● **TASK DETAILS**: Word for word, repeat the lines of the records from the first line up to and including the line that contains "When my new", passing over any pictures.

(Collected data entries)
----

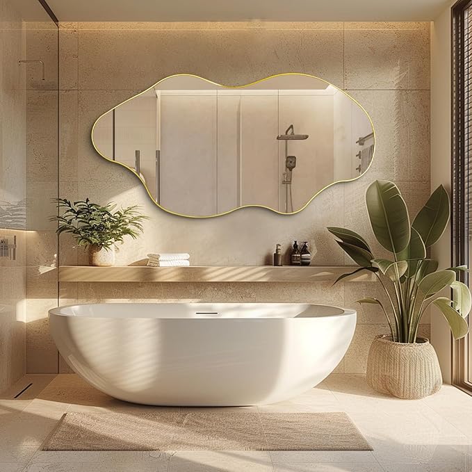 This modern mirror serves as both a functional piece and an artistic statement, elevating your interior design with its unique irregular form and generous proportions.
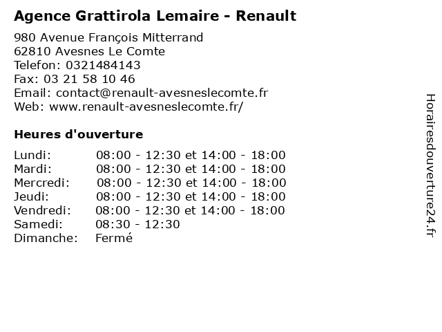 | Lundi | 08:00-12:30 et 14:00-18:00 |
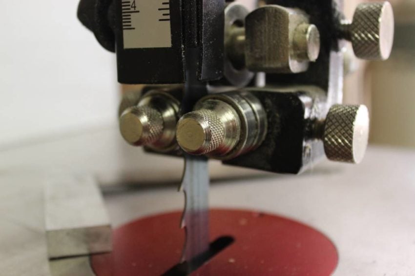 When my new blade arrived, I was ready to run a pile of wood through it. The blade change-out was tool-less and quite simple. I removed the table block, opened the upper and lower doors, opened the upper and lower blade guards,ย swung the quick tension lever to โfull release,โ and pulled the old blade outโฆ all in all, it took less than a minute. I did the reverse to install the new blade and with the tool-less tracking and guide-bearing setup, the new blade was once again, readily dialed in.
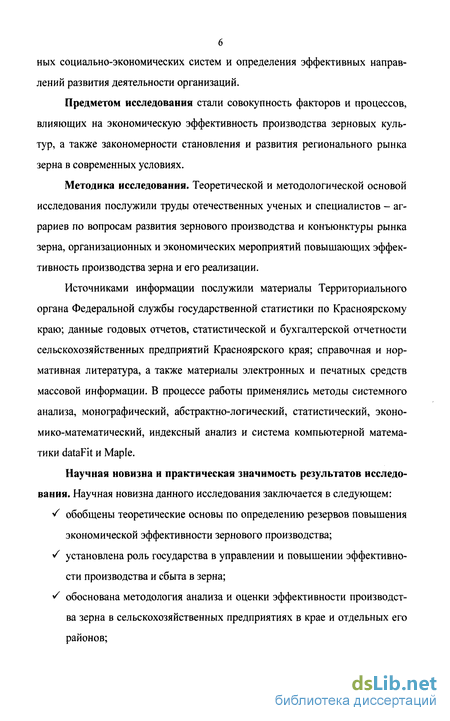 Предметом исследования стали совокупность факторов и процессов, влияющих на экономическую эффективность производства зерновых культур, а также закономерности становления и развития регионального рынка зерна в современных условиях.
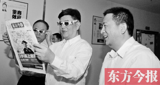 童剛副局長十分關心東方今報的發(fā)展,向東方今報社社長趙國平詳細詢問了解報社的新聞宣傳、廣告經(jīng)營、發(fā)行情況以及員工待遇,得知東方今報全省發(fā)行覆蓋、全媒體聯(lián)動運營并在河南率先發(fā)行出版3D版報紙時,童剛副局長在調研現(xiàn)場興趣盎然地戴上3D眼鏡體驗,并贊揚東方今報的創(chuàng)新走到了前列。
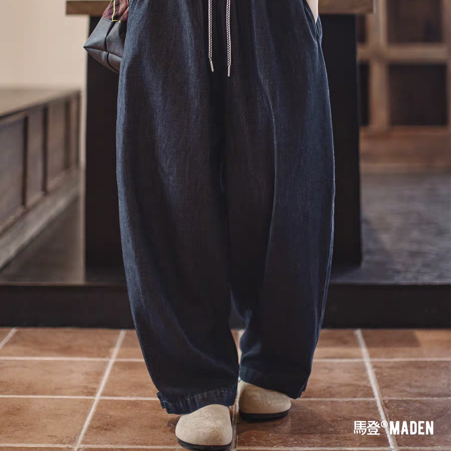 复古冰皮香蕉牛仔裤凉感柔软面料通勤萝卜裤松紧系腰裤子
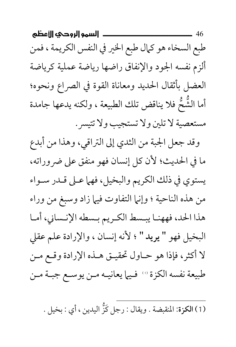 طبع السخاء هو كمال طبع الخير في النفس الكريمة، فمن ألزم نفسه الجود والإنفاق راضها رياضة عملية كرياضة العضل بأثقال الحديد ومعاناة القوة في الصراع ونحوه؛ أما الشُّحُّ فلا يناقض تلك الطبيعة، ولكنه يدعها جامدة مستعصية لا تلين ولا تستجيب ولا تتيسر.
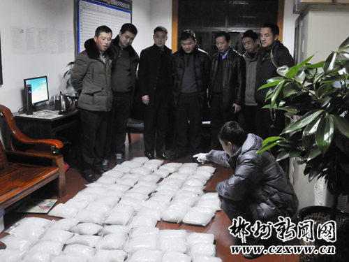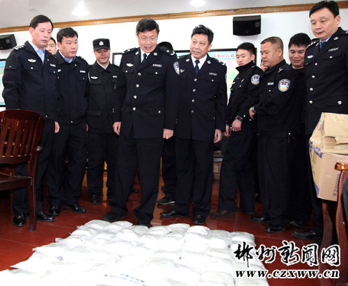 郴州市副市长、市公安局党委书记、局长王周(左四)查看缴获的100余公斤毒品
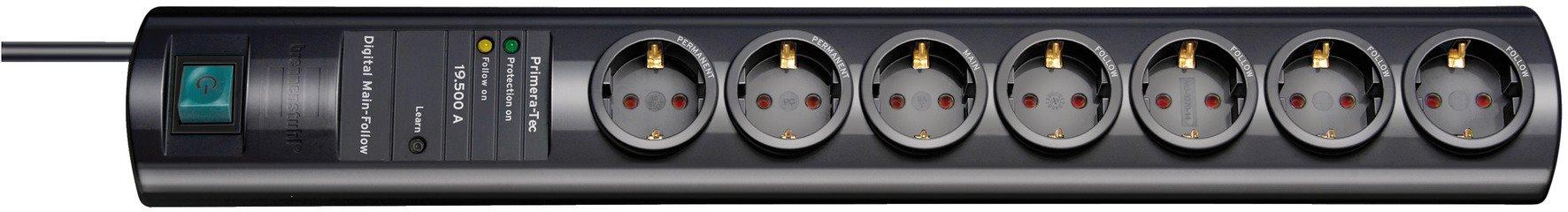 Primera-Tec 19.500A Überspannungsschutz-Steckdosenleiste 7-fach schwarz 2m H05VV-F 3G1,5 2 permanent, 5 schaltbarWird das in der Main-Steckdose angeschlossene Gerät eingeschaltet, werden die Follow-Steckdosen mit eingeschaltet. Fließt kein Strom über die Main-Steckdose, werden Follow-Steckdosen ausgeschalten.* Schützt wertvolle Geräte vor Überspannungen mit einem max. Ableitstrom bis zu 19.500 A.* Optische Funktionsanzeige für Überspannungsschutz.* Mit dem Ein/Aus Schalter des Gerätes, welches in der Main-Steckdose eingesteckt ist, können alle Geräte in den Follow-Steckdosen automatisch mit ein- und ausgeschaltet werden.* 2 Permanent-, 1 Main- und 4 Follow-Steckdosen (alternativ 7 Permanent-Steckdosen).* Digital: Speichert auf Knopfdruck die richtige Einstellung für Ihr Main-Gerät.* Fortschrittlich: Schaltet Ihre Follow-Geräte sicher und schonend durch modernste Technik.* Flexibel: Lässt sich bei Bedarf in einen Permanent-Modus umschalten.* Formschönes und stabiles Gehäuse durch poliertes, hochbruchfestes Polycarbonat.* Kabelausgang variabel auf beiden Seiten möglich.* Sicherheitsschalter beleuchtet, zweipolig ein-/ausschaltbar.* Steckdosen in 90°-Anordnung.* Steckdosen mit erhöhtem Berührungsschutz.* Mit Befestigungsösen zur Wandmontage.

----

● **TASK OUTPUT**:
 This modern mirror serves as both a functional piece and an artistic statement, elevating your interior design with its unique irregular form and generous proportions.
 | Lundi | 08:00-12:30 et 14:00-18:00 |
 When my new blade arrived, I was ready to run a pile of wood through it. The blade change-out was tool-less and quite simple. I removed the table block, opened the upper and lower doors, opened the upper and lower blade guards,ย swung the quick tension lever to โfull release,โ and pulled the old blade outโฆ all in all, it took less than a minute. I did the reverse to install the new blade and with the tool-less tracking and guide-bearing setup, the new blade was once again, readily dialed in.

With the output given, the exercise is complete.